◆ **TASK OBJECTIVE**:
Would you restate the full listing word for word and omit its pictures?

+++ AVAILABLE DATA

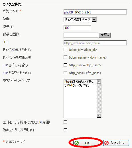 (1)はPleskコントロールパネルにphpBBへアクセスするためのボタンを作るかどうかを設定します
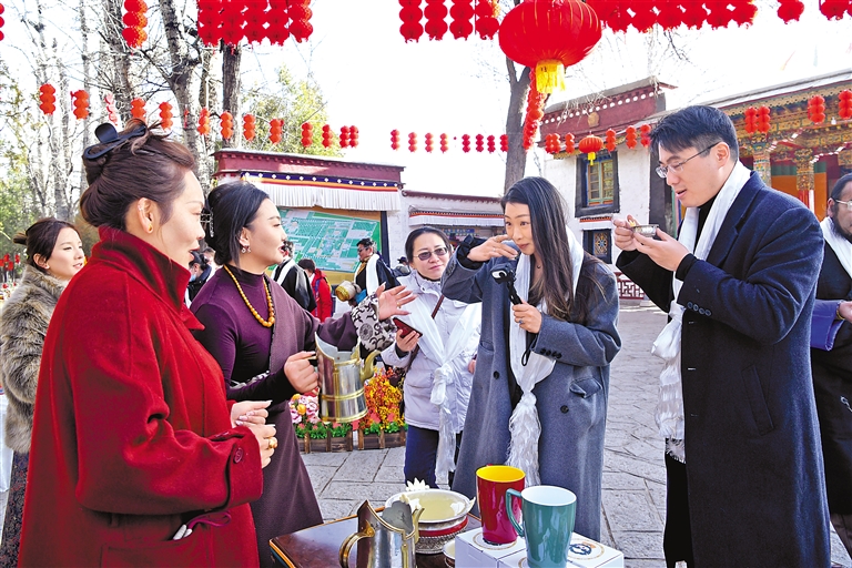 (下转第二版)(紧接第一版) 来自西安的曹女士刚体验完青稞酒又被工作人员递上来的精美文创礼品吸引了眼球。她感叹:“来这过藏历新年,既能感受传统藏历新年的民俗活动,又能把藏文化带回家,这样的新年太有意义了!”
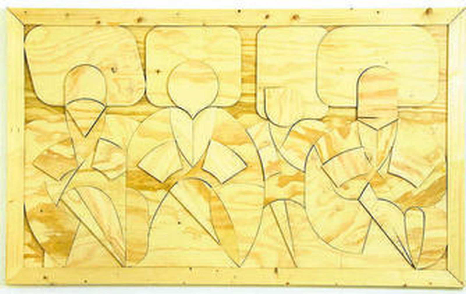 Este análisis de formas lo traslada el autor también a la imagen. Una novela corta de Tolstoi, Hadji-Murat, le llevó a los dibujos tardorrománticos de tipos caucasianos. Pereñíguez eligió algunas de sus formas, las modeló y dibujó, para enseguida trasladarlas a formas geométricas. Unos guerreros chechenos, rostros, atuendos y armas pierden todo naturalismo y se convierten en construcción geométrica. Dibujada primero, la construye después en exacto relieve de placas de madera superpuestas. Reduce el perfil de otro personaje a planos de matizado color y con ellos genera relieves en escayola y después en madera. Imaginando que estos podrían ser planchas que permitieran la impresión de la figura, ofrece cuatro imágenes de sutiles colores, estadios de una posible cuatricromía. Entre los dibujos encontrados había también dos jinetes. La figura vigilante de uno de ellos la descompone en sucesivas formas modulares, dibujando las más elementales sobre la pared de la sala, protegidas por un vinilo. El otro jinete, más heroico, lo reduce a exactas formas geométricas, triángulos y paralelogramos. Las muestra después en una atractiva metamorfosis: situándolas en dibujos sucesivos sobre un mismo horizonte, tales forman evocan la pintura de paisaje pero alineadas en madera sobre y bajo la figura del jinete hacen pensar en una suerte de cartel, un texto que, rodeando la estilizada figura del héroe, le rinde homenaje.

++++++

◆ **WORKED SOLUTION**:
 (1)はPleskコントロールパネルにphpBBへアクセスするためのボタンを作るかどうかを設定します
 (下转第二版)(紧接第一版) 来自西安的曹女士刚体验完青稞酒又被工作人员递上来的精美文创礼品吸引了眼球。她感叹:“来这过藏历新年,既能感受传统藏历新年的民俗活动,又能把藏文化带回家,这样的新年太有意义了!”
 Este análisis de formas lo traslada el autor también a la imagen. Una novela corta de Tolstoi, Hadji-Murat, le llevó a los dibujos tardorrománticos de tipos caucasianos. Pereñíguez eligió algunas de sus formas, las modeló y dibujó, para enseguida trasladarlas a formas geométricas. Unos guerreros chechenos, rostros, atuendos y armas pierden todo naturalismo y se convierten en construcción geométrica. Dibujada primero, la construye después en exacto relieve de placas de madera superpuestas. Reduce el perfil de otro personaje a planos de matizado color y con ellos genera relieves en escayola y después en madera. Imaginando que estos podrían ser planchas que permitieran la impresión de la figura, ofrece cuatro imágenes de sutiles colores, estadios de una posible cuatricromía. Entre los dibujos encontrados había también dos jinetes. La figura vigilante de uno de ellos la descompone en sucesivas formas modulares, dibujando las más elementales sobre la pared de la sala, protegidas por un vinilo. El otro jinete, más heroico, lo reduce a exactas formas geométricas, triángulos y paralelogramos. Las muestra después en una atractiva metamorfosis: situándolas en dibujos sucesivos sobre un mismo horizonte, tales forman evocan la pintura de paisaje pero alineadas en madera sobre y bajo la figura del jinete hacen pensar en una suerte de cartel, un texto que, rodeando la estilizada figura del héroe, le rinde homenaje.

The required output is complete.